For Lake Manitoba the recommended option is to construct either a 11.6-km or 22.8-km new channel to connect it north to Lake St. Martin. The work would include a control structure and several bridges.

For Lake St. Martin, the recommendation is to expand and make permanent an emergency outlet channel that was constructed in 2011. The preliminary cost of this work, which would also involve a new control structure, is between $142 million and $212 million.


McElhanney, Associated Engineering

McElhanney of Vancouver has acquired Infinity Engineering. Based in North Vancouver, Infinity is a small firm that specializes in bridge design and erection engineering. It has designed long-span and complex bridge projects in Canada, the U.S. and India.

Associated Engineering has a new vice-president of infrastructure. Chris Skowronski previously served as the division manager of infrastructure for the company’s central Alberta region.

Bert Munro, vice president and general manager of Associated Engineering’s Saskatchewan and Manitoba operations, has won the 2013-2014 Engineer of the Year Award given by the Association of Professional Engineers and Geoscientists of Saskatchewan (APEGS). Munro has 35 years of experience in municipal, water resources and geotechnical engineering.

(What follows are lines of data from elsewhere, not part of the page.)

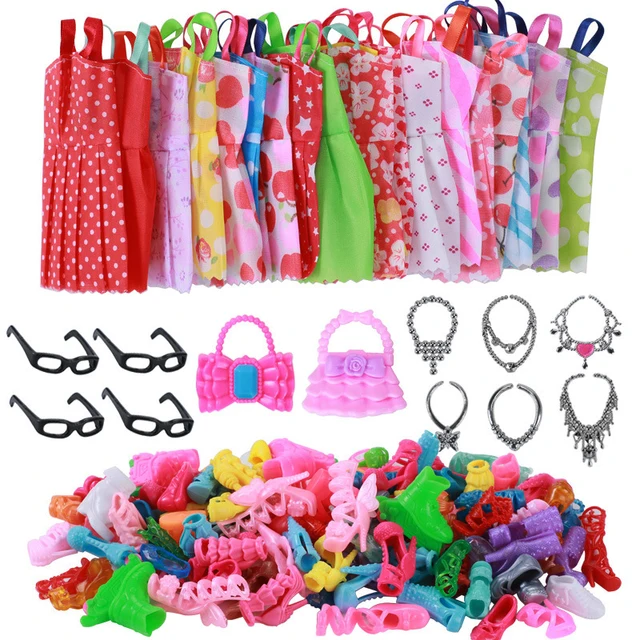 Fashion Handmade 32 Items Accessories=Random 10 Items Dress+Random 10 Pairs of Shoes+6 Necklace+4 Glasses+2 Bags for Barbie Doll
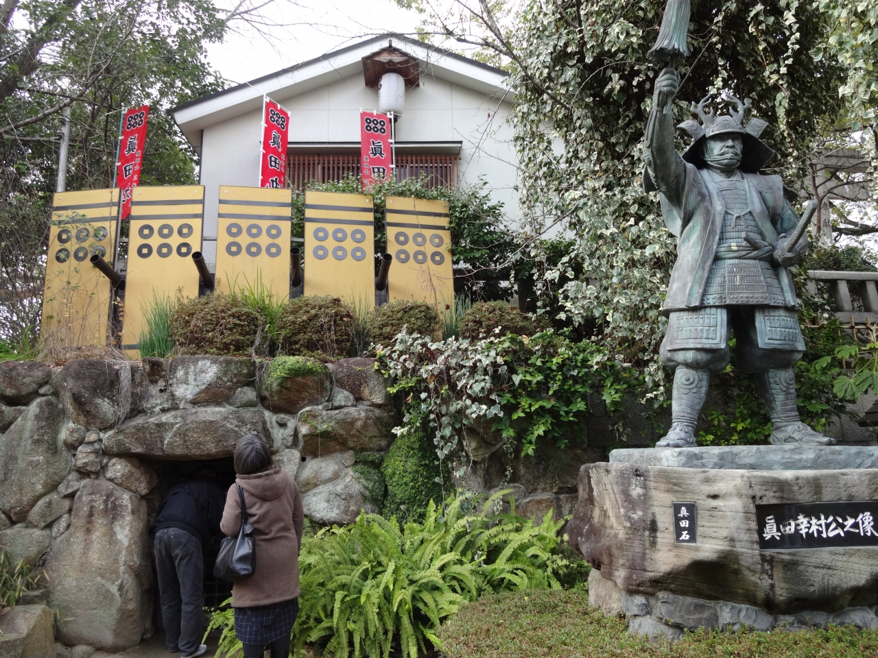 真田山 三光神社には真田信繁の銅像とともに、大坂城に続いているといわれる「真田の抜け穴」があります。
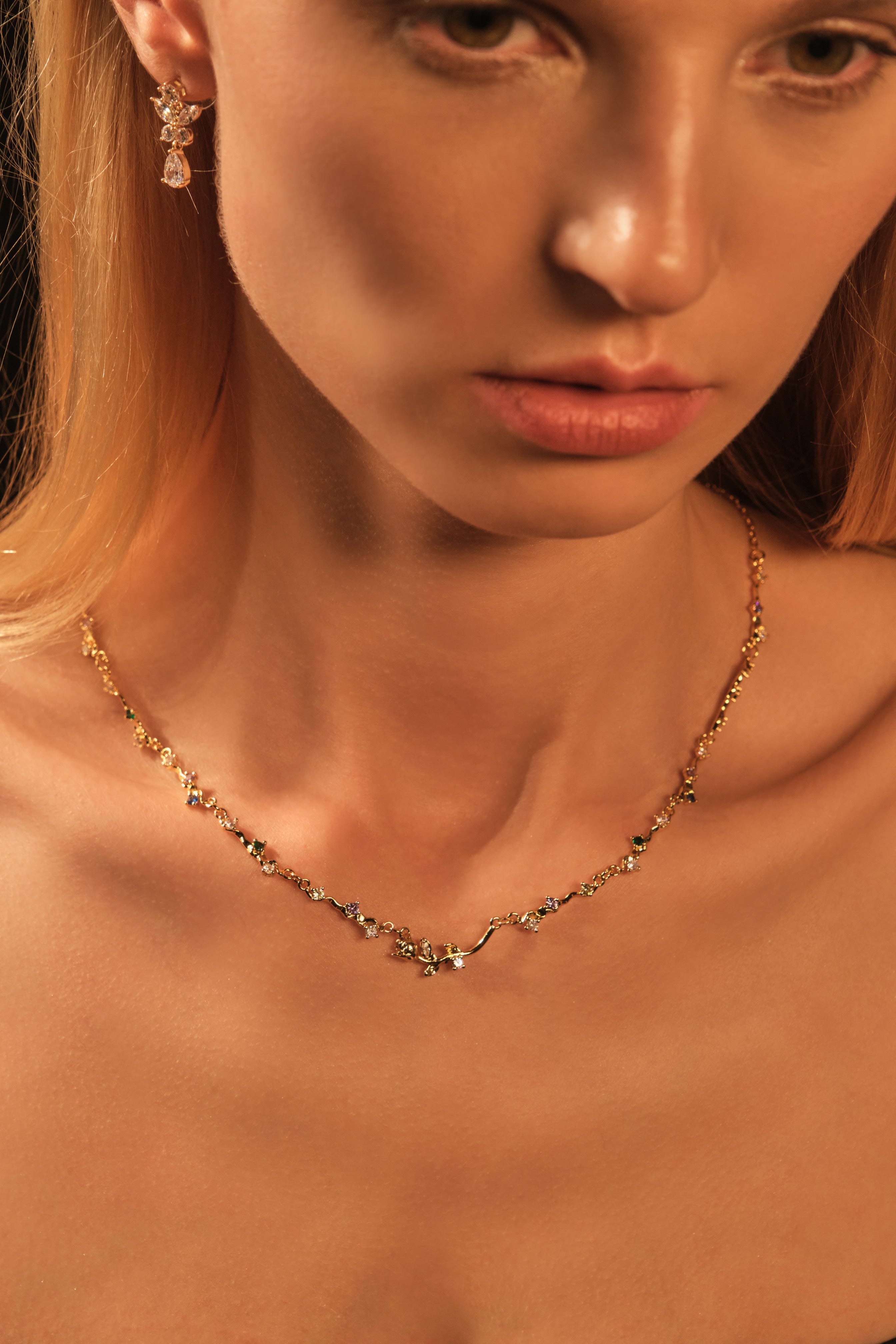 Flicker goodbye to dullness and stand out in our 18K Real Gold Plated Rose Garden Necklace. With the proper lighting, the zirconia color gemstones add a pop of shine to your ensemble. This unique necklace makes your outfit stand out and is also a great gift for her or him.

He is a past president of APEGS, the Western Canada Water and Wastewater Association, and Consulting Engineers of Saskatchewan.


Four TBMs for Eglinton Crosstown LRT

Work is under way on the largest transit expansion project in Toronto’s history — the 19-kilometre Eglinton Crosstown LRT, expected to be completed in 2020.

The line cuts across the centre of Toronto and will stretch from around Keele Street east to Kennedy Avenue. It will have 25 stops and 10 kilometres will be underground in tunnels.

Two tunnel boring machines, “Dennis” and “Lea,” are already burrowing east from Black Creek Drive, while a second set, “Humber” and “Done,” have arrived at the Brentcliffe launch site for tunneling west. All four machines will be extracted around Duplex Avenue near Yonge Street.

A joint venture known as 4-Transit Group consisting of MMM Group, Delcan and Hatch Mott MacDonald is leading the project for Metrolinx. HMM is in charge of the tunneling.


Green bonds for building

Ontario is launching a green bond program, making it the first government in Canada to do so. Green bonds were pioneered by the World Bank in 2008 as a tool to raise capital for environmental projects. The inaugural Ontario issue is expected to be $500 million. It will be used to fund the Eglinton Crosstown LRT in Toronto.


AMEC works on nuclear fusion

AMEC has won a contract to develop and manufacture a prototype panel to protect the core vacuum vessel for the ITER nuclear fusion reactor in Caderache, Southern France. The project aims to show the technical feasibility of nuclear fusion as a power source.


Stealthy wind turbines

Wind turbines can interfere with radar signals, making it difficult to distinguish them from low-flying aircraft. To avoid the problem, EDF Energies’ 96-MW wind farm in Perpignan, France will use Vesta turbines that have a coating similar to those used on stealth fighter jets. The coatings turn radar signals into heat.


ASHRAE eyes E-cigarettes and cannabis

Changes to ASHRAE’s Standard 62.1, Ventilation for Acceptable Indoor Air Quality in Buildings, are in store. The changes recognize that the existing ventilation rate procedure in its IAQ standard may be difficult to apply in existing buildings.

Also open for public comment is an addendum to revise the definition of environmental tobacco smoke to include emissions from e-cigarettes and from smoking cannabis (now allowed by some jurisdictions).

ASHRAE is also proposing multiple compliance options for verifying the performance of the building envelope under Standard 90.1-2013.


Ontario allows taller wood-frame buildings

Starting January 1, 2015 Ontario’s building code will allow wood frame buildings up to six storeys high. Until now, they were only allowed in buildings up to four storeys. The province will also require that wood frame buildings include stairwells made of non-combustible materials and have roofs that are fire resistant.

Over 50 six-storey wood-frame buildings exist in B.C. since the province changed its building code to allow them in 2009.